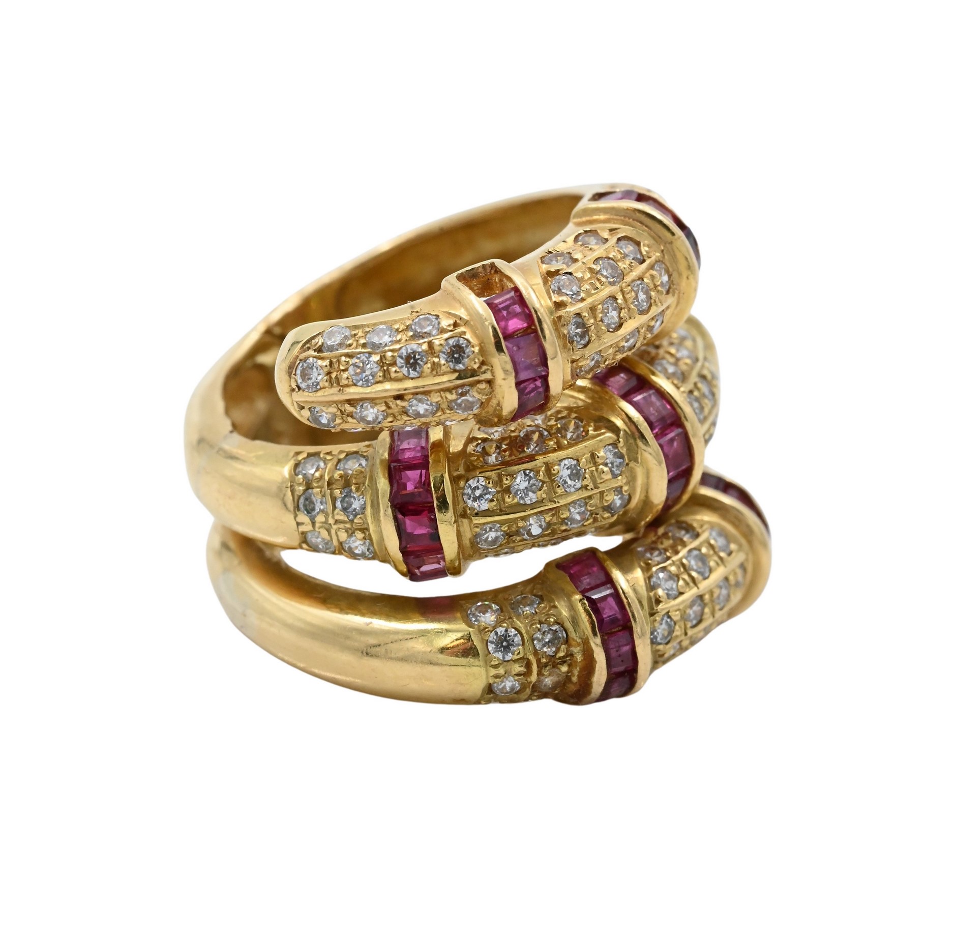 having sixteen 2 millimeter square, six 2 millimeter round rubies, and 36 round diamonds, approximately 2.6 carats total
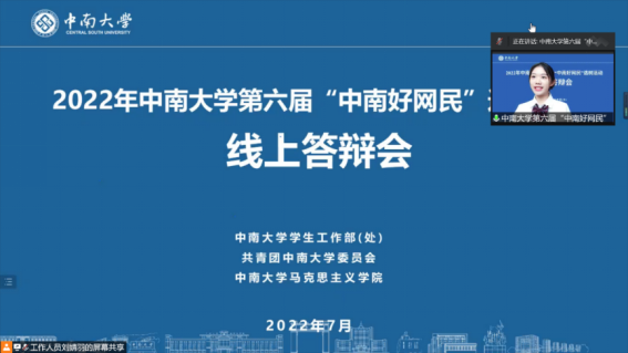 为深入学习宣传贯彻习近平新时代中国特色社会主义思想、党的十九大和十九届历次全会精神,深入学习习近平总书记在庆祝中国共产主义青年团成立100周年大会上的重要讲话精神,以实干奉献迎接党的二十大胜利召开,伟德victor1946官网登录启动“争做校园好网民,凝聚网络正能量,青春献礼二十大”中南好网民选树活动,自开展以来,广大青年学子热情参与,踊跃报名。经个人申请,公司推荐,初审评选,20位好网民候选人脱颖而出。2022年7月11日下午,公司组织承办2022年伟德victor1946官网登录第六届“中南好网民”选树活动线上答辩会。
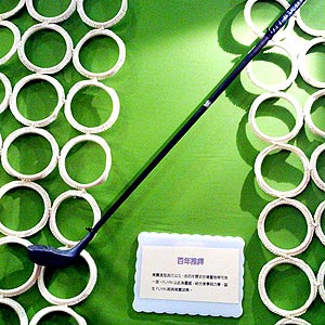 现场所展示的骨董球具中,有来自英国圣安卓球场(ST. ANDRAWS, SCOTLAND)的推杆,其为藤制杆身,已有上百年历史,而另一枝不锈钢杆身木杆,无论球头与握把皆非常精致,品相完美,是为高尔夫木杆极品。
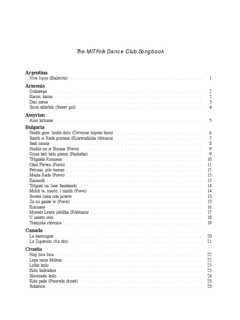 The Mit Folk Dance Club Songbook
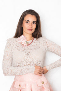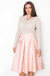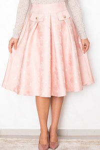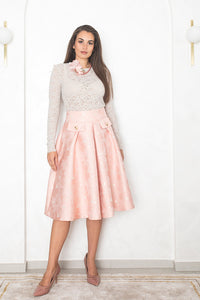 Svetleče krilo v nežno roza tonu očara z Jacquard cvetličnim vzorcem, ki mu daje prefinjen, couture značaj. To A-linijsko krilo se odlično poda z nevtralno bluzo ali enostavnim topom.
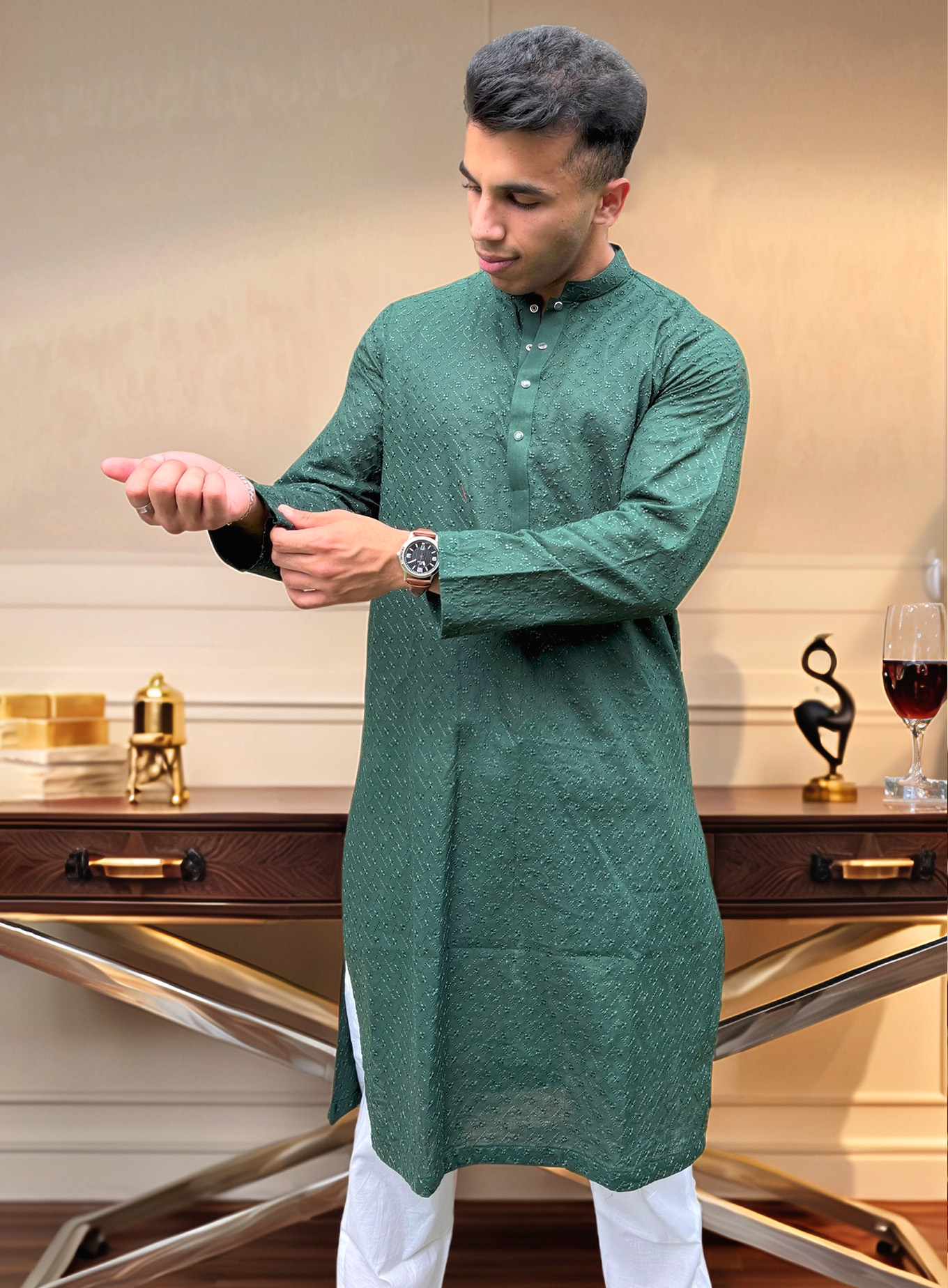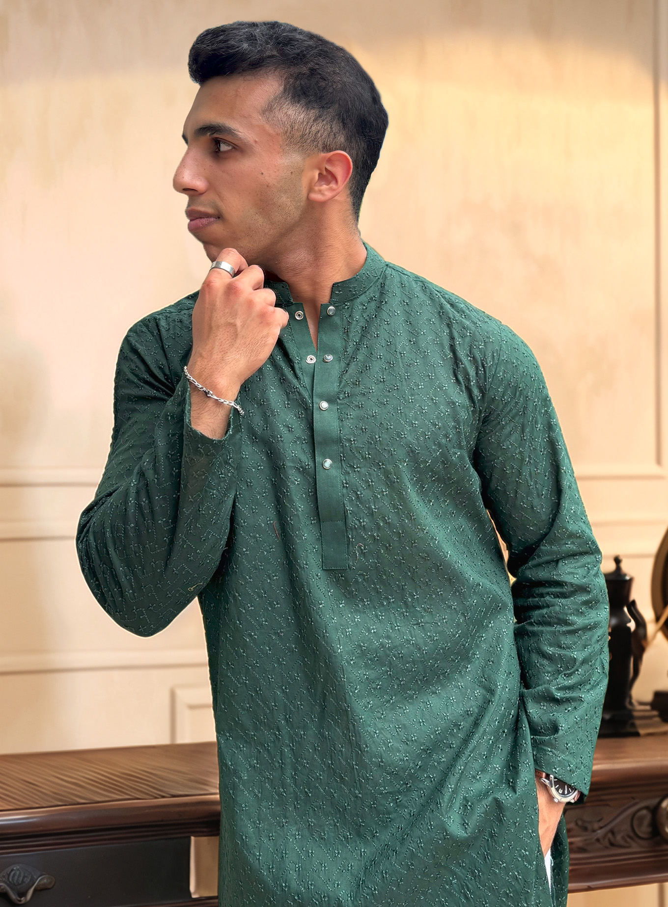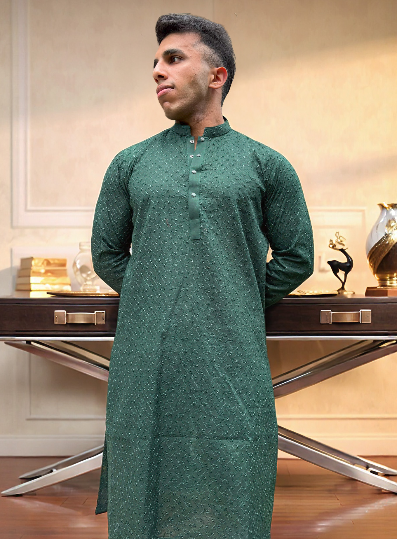Step into elegance with this green Chikankari embroidered men’s kurta Canada collection piece. Made with fine hand embroidery, this kurta reflects tradition with a modern touch. The rich green color adds charm, making it a perfect choice for festive events, weddings, or casual gatherings.
:::::
§ **Exercise requirements**
Print exactly the lines from the one containing "Svetleče krilo v" through the last line of the records, both included, and leave out the pictures.

§ **Task response**
 Svetleče krilo v nežno roza tonu očara z Jacquard cvetličnim vzorcem, ki mu daje prefinjen, couture značaj. To A-linijsko krilo se odlično poda z nevtralno bluzo ali enostavnim topom.
Step into elegance with this green Chikankari embroidered men’s kurta Canada collection piece. Made with fine hand embroidery, this kurta reflects tradition with a modern touch. The rich green color adds charm, making it a perfect choice for festive events, weddings, or casual gatherings.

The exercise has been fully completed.